▶ **TASK DIRECTIONS**: The line with "La opción por", the line with "下圖是珠海斗門白蕉海鱸價格自", and all lines between them in the material below: return these exactly, and no others.

▶ **MATERIAL PROVIDED**:
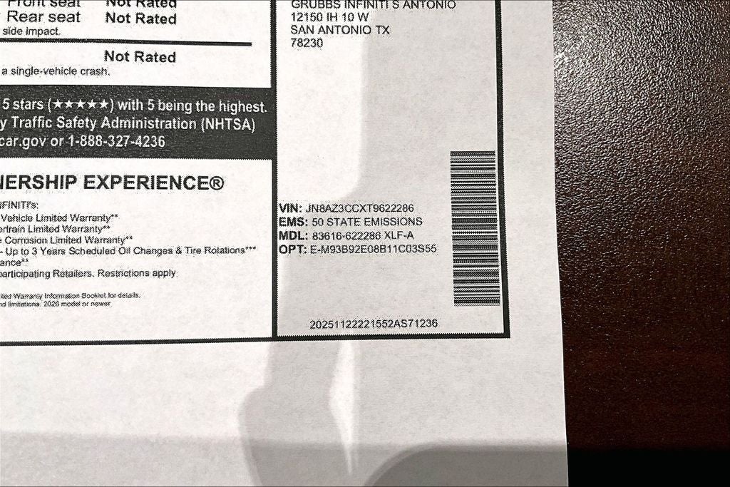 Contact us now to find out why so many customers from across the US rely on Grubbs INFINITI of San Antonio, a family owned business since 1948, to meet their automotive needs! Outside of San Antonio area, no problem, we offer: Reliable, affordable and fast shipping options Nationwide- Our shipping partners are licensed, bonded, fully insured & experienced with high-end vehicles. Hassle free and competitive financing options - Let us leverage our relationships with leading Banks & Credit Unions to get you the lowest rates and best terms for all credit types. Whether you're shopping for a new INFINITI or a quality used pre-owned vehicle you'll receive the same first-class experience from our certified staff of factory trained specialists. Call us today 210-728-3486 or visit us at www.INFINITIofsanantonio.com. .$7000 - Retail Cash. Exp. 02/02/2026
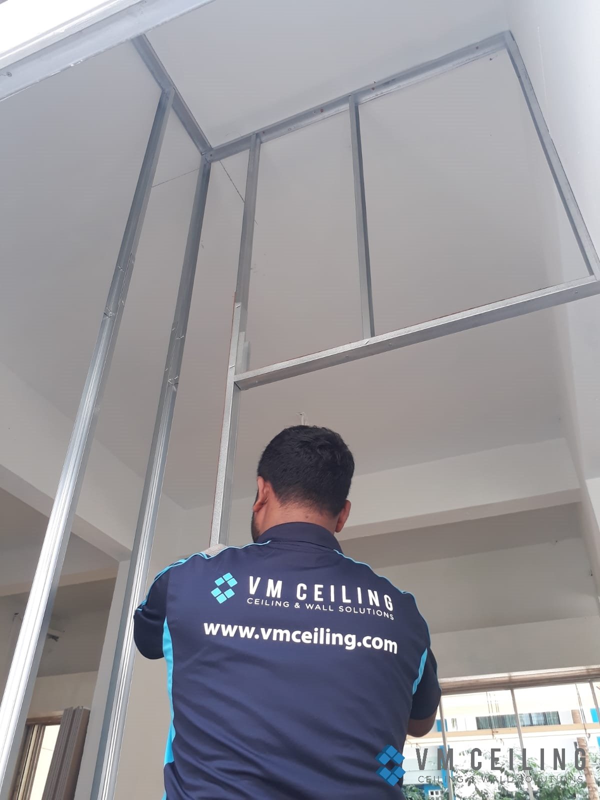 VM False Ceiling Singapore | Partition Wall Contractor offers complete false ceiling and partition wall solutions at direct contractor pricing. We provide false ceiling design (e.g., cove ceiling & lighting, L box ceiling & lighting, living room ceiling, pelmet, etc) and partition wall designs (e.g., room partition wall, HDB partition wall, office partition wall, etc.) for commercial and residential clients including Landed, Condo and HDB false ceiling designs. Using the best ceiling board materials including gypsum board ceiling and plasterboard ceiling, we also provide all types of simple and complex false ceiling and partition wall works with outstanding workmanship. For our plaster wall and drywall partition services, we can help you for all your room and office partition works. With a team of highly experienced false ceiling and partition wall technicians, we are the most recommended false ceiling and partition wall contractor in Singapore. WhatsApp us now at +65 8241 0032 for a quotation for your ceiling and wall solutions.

* * *

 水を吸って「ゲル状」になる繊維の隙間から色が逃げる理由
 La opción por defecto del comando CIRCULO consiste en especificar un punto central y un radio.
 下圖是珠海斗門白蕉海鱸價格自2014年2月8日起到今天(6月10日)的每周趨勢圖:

▶ **SOLUTION FOR THIS TASK**:
 La opción por defecto del comando CIRCULO consiste en especificar un punto central y un radio.
 下圖是珠海斗門白蕉海鱸價格自2014年2月8日起到今天(6月10日)的每周趨勢圖:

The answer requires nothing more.